Понедельник, 18 декабря. Я позвонил А. Трубку взяла Э. Ему не стало ни лучше, ни хуже. Но он больше не желал подходить к телефону. Я попросил ее уговорить его мне ответить. Но он отказался.

«Пусть обреет себе голову. Пусть острижет ногти. Пусть поранит до крови мизинец. Пусть не разговаривает с женщинами. Пусть даже не смотрит на них, даже украдкой, во время их менструальных шести дней. Пусть примет ванну».

Таковыми, видимо, были советы, которые надавал ему Йерр, явившись поутру.

Вторник, 19 декабря. Улица Бак.

А. сказал мне: «Ты жалеешь меня неискренне». И добавил, что никто ему не помогает. Что он больше не может терпеть. Я сказал, что ему необходимо выйти на воздух. Он ответил, что не хочет. Я повторил, что ему необходимо гулять, что завтра мы выйдем из дому вместе. И пойдем в Тюильри.
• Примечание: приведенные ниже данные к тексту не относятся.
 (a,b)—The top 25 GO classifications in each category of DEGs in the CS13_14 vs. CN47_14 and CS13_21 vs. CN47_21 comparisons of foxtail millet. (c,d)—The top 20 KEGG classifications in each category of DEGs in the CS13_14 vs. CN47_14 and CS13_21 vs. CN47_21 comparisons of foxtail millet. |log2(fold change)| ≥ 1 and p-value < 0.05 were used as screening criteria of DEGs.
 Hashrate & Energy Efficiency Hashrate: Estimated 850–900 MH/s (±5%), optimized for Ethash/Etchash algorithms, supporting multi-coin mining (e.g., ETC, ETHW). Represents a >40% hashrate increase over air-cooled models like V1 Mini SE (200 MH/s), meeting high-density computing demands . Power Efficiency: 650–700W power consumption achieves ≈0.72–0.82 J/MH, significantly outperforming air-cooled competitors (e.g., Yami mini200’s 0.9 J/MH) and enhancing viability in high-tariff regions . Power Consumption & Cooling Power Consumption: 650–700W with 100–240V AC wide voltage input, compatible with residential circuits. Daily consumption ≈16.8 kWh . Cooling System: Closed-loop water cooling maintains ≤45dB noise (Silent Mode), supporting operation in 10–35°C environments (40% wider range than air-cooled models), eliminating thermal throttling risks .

Его лицо выразило испуг. Он начал изобретать причудливые образы:

— Я хромой инвалид. Я винт без гайки, разболтанный винт. Земля раздается подо мной. Едва я ставлю на нее ногу, как она осыпается, и я лечу вниз, в пустоту, без надежды на спасение… Меня одолевают головокружения, от которых нет спасу.

А. плакал. Говорил, что недостоин любви Элизабет. Что он вообще ни на что путное не способен, что он ничтожество. Что одной любви мало. Говоря это, он слизывал кончиком языка слезы. Это было тяжелое зрелище. Но даже в этом горе ощущалась примесь какого-то актерства.

Среда, 20 декабря. Я зашел за А., и мы с ним зашагали по улице Бак. Перешли на другой берег речки по Королевскому мосту. Сад Тюильри выглядел мертвым, заброшенным. Небо затянули серые облака. И было холодно.

А. заговорил о холоде вокруг него. Об ощущении полного бессилия, о том, как он тонет, замыкается в этом изнуряющем бессилии. Потом вдруг стал уверять, что увидел грача, спугнувшего голубей.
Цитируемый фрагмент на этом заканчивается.